(Beginning of INFORMATION SUPPLIED)
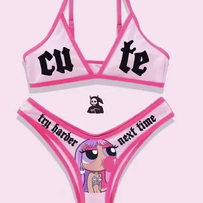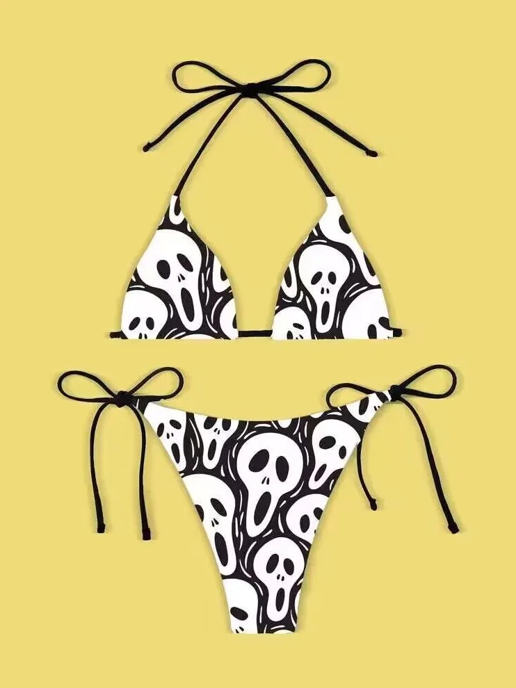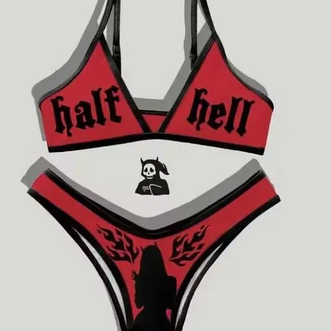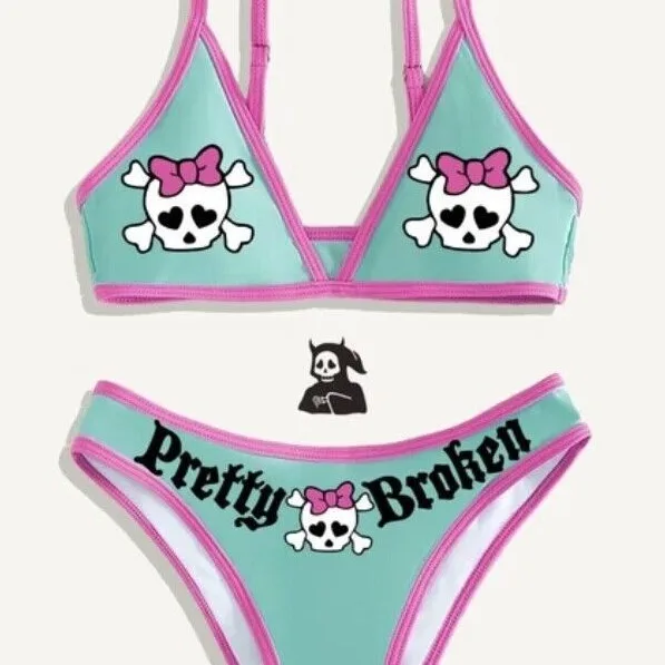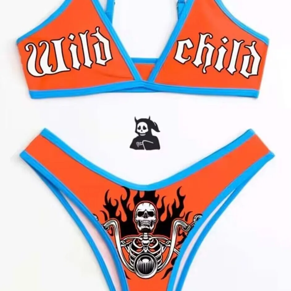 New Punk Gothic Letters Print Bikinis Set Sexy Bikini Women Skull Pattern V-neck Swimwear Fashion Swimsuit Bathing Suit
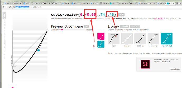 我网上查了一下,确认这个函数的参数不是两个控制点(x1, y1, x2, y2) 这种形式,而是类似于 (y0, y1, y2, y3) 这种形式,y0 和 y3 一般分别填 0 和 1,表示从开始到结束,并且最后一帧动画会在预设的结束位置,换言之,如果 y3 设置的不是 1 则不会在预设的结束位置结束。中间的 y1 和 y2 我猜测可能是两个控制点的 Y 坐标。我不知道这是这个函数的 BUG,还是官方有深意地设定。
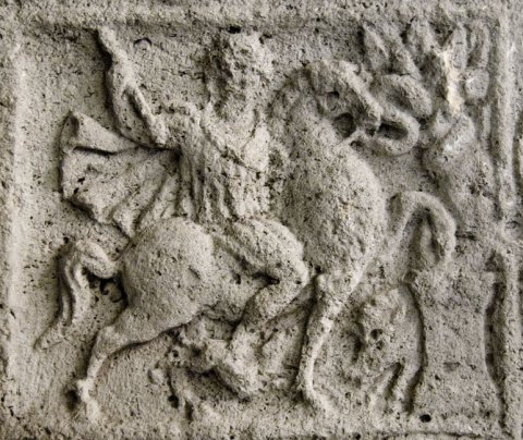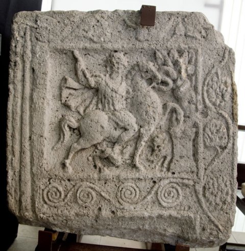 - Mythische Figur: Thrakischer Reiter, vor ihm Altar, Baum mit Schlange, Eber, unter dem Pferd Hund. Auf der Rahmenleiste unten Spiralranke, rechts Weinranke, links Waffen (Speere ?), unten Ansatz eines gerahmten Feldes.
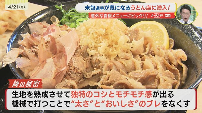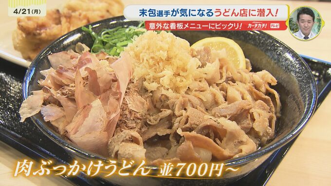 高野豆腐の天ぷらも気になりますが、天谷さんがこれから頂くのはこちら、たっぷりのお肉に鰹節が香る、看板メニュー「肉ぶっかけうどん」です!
(End of INFORMATION SUPPLIED)
▶ **WORK REQUEST**
Which lines fall between the one containing "我网上查了一下,确认这个函数的参数不是两个控制点(x1, y1, x2, y2)" and the last line of the listing, both included? Give them again exactly, without the pictures.

▶ **TASK ANSWER**
 我网上查了一下,确认这个函数的参数不是两个控制点(x1, y1, x2, y2) 这种形式,而是类似于 (y0, y1, y2, y3) 这种形式,y0 和 y3 一般分别填 0 和 1,表示从开始到结束,并且最后一帧动画会在预设的结束位置,换言之,如果 y3 设置的不是 1 则不会在预设的结束位置结束。中间的 y1 和 y2 我猜测可能是两个控制点的 Y 坐标。我不知道这是这个函数的 BUG,还是官方有深意地设定。
 - Mythische Figur: Thrakischer Reiter, vor ihm Altar, Baum mit Schlange, Eber, unter dem Pferd Hund. Auf der Rahmenleiste unten Spiralranke, rechts Weinranke, links Waffen (Speere ?), unten Ansatz eines gerahmten Feldes.
 高野豆腐の天ぷらも気になりますが、天谷さんがこれから頂くのはこちら、たっぷりのお肉に鰹節が香る、看板メニュー「肉ぶっかけうどん」です!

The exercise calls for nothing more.